So, to turn to country music on Tina Turns the Country On! was a brave movement. She was doing this in a market where there was very little room for Black artists to make country music albums. Even those like Bobby Womack, or Millie Jackson, who had a career elsewhere were unable to get the traction that they really wanted. It was a risk-taking move, and one that focused on reflection, sadness, and mourning. It was different than other work that she’d done — like being the Acid Queen in Tommy, for instance. The pace of her country album is much slower and uses silence in a way that you don’t hear in some of her other music. The whole mood of Tina Turns the Country On! is so different than the music she had made before, and maybe the music that she made after.

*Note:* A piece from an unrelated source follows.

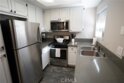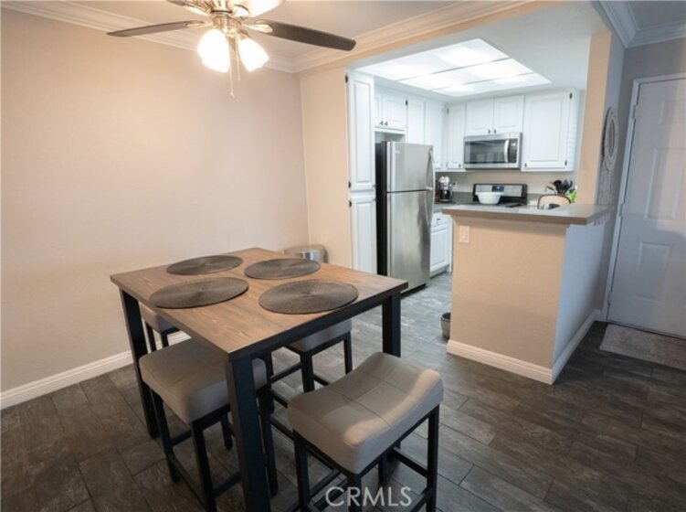 Single-story 2-bedroom, 2-bathroom corner-unit condo located in a gated community approximately 1.5 miles from Lake Elsinore. The home features tile flooring, Quartz countertops, crown molding, updated hardware, updated bathroom light fixtures, and newer carpet. Both bathrooms include tubs. Additional features include large closets, abundant storage, and freshly painted elements throughout. The property includes all major appliances (stove approx. 3 years old), washer and dryer, new HVAC and air handler, new exhaust fan in the primary bathroom, and a smart thermostat (seller willing to replace with a standard thermostat if preferred). Tile floors on a concrete slab help maintain cooler interior temperatures in summer. Parking includes a detached one-car garage (#46) with built-in storage shelf, assigned parking space (#46), and nearby guest parking. The garage has a newly installed opener programmed for both the garage and community gate and has been drywalled and freshly painted. HOA-approved shade and privacy hedge included. Community amenities include a pool, spa, recreational meeting room, landscaping, and trash service. Location offers convenient access to shopping, services, and commuter routes. Low-maintenance living with turn-key condition. Sale is contingent upon seller finding a replacement property

Still, you can hear the country and soul in later songs like “I Can’t Stand the Rain.” It’s a bluesy song, but she’s playing with twang. And her songs where there’s a story, like “Private Dancer,” could easily be a country song with different production.

Even so, as a superstar, Tina Turner made an impact on country music, especially on country music women who are learning how to treat their own careers with agency. You can hear it in LeAnn Rimes and Brandi Carlile. Her ability to weaponize lots of different kinds of music in her sound and to control the stage as a solo artist is an important part of what it means to be a woman and a superstar in whatever genre you’re in. Black country music artists, like Rissi Palmer or Amythyst Kiah or Mickey Guyton, cite her not only as an influence, but as someone who showed them that it was possible to create music within the genre of country, even as someone who had a previous career. But country music at large could still reckon with Tina Turner’s power as a storyteller.